# Earthlink & MSN/Hotmail/Outlook/Live blocking email from TUG



## Makai Guy (Jul 14, 2016)

On July 13 we started receiving rejection notices from emails sent by the bulletin board to Earthlink and email addresses.  This affects all emails sent by the bulletin board to Earthlink accounts: 
notifications of private messages
emails from other users sent via the bbs
notifications of new posts to subscribed threads and forums
password reset requests
etc.
It is worth mentioning that our server is NOT on any of the major block lists maintained by various organizations for combating spam.

[*Note: The weekly TUG Newsletter is set from a different server and has not been affected, at least not so far.*]

On July 13 we submitted the request for getting the IP of our server unblocked according to Earthlink's instructions.  So far we are still receiving rejection notices from Earthlink.

Shortly after that, we started getting similar rejection notices from Microsoft-run email addresses at MSN, Hotmail, Outlook, and Live.com.

We've done everything we can do at our end.  If you are an email account at one of the above services, and if there is anything you can do to request that they unblock IP 69.16.236.4, it can't hurt.

Meanwhile, if you have an email account with someone other than Earthlink, you might want to switch your bbs account to use that other address.  If you need help in doing this, please see this thread on the board re how to update the email address in your TUG BBS profile:
http://www.tugbbs.com/forums/showthread.php?t=21616


----------



## sefotuff93 (Jul 16, 2016)

Hi there,
I did not get your email last Saturday or this week. I have aol as my email address. Would this be the same problem as EarthLink?
Sheri


----------



## TUGBrian (Jul 16, 2016)

you might want to check your spam folder or filters on gmail if you mean the newsletter?

we show you were on the distribution list for both the last 2 newsletter emails.


----------



## TUGBrian (Jul 17, 2016)

update to this, this is also impacting MSN emails as well, we are starting to get a number of message delivery failed emails claiming we are on MSNs blacklist.

sadly we have members every week that instead of deleting emails (including the newsletter) they mark them as spam.  apparently when we get enough, they start blocking the IP address that the emails originate from.


----------



## TUGBrian (Jul 17, 2016)

mindspring.com hotmail.com and live.com also are actively blocking all TUG emails.


----------



## moonstone (Jul 19, 2016)

TUGBrian said:


> mindspring.com hotmail.com and live.com also are actively blocking all TUG emails.

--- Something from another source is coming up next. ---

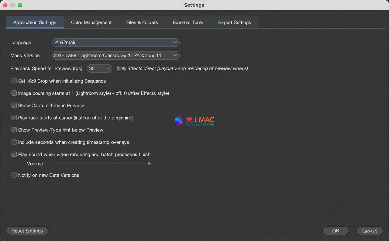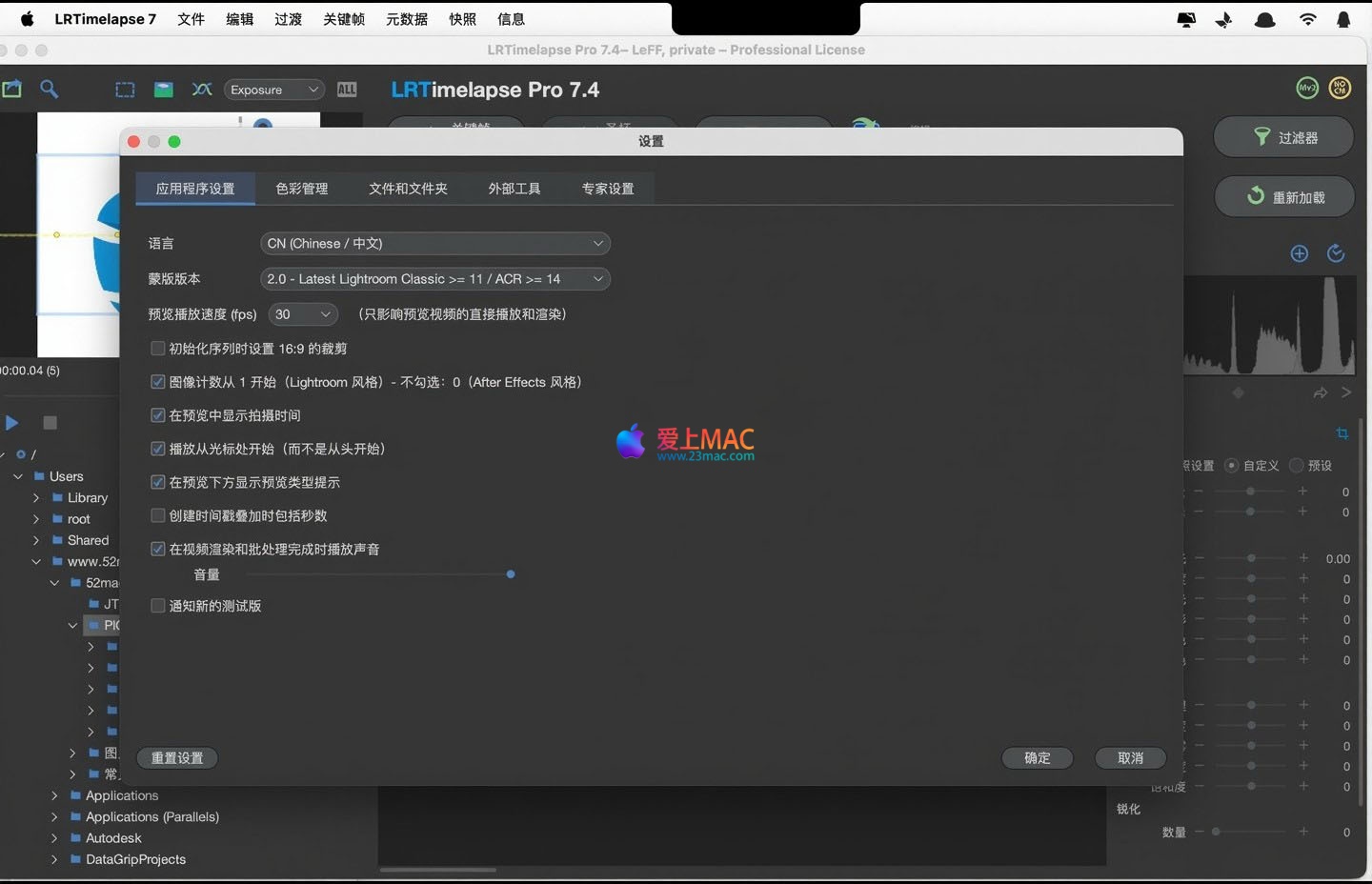 软件首次启动默认为英文界面。如需切换为中文,请点击左上角菜单栏的「LRTimelapse 7」→「Settings…」,在设置面板中选择「中文」即可。

I have a hotmail.com e-mail address & I received the newsletter last Saturday with no problems. 


~Diane


----------



## tschwa2 (Jul 19, 2016)

I did not receive PM notification from TUG today (hotmail.com) and I have never not received them in the past.  It did not show up in spam or inbox.


----------



## Elli (Jul 19, 2016)

I have Hotmail.com as well, and did receive the TUG Newsletter.    Elli


----------



## TUGBrian (Jul 19, 2016)

the newsletter is not sent from this server, and thus would not be subject to the email blocking issue...its actually sent by a 3rd party we pay to subscribe to for this very issue.

emails generated from the forum, or sent from @tug2.net are all actively being blocked by the above listed providers.

emails being blocked include:

any notification from the forums (private messages, new replies, password reminder/resets, private message notifications, as well as direct email sent thru the forum)

other emails being blocked would be:  new membership emails, membership renewal reminders, etc that come from tugadmin@tug2.net


best thing we can hope for is that the block wont last very long, we have already appealed to hotmail/live/msn/etc but have gotten no feedback...we would suggest anyone with an of htese emails send a support request asking that they remove the block from 69.16.236.4 so that mail will actually be delivered again.


----------



## TUGBrian (Jul 20, 2016)

scratch that, just got another email block reply from hotmail

fyi tschwa2, you have a private message...sorry that hotmail doesnt want to send you the notification email!


----------



## tschwa2 (Jul 20, 2016)

Got it , Thanks.  I usually check in twice a day or so and as soon as I log in I get any messages.  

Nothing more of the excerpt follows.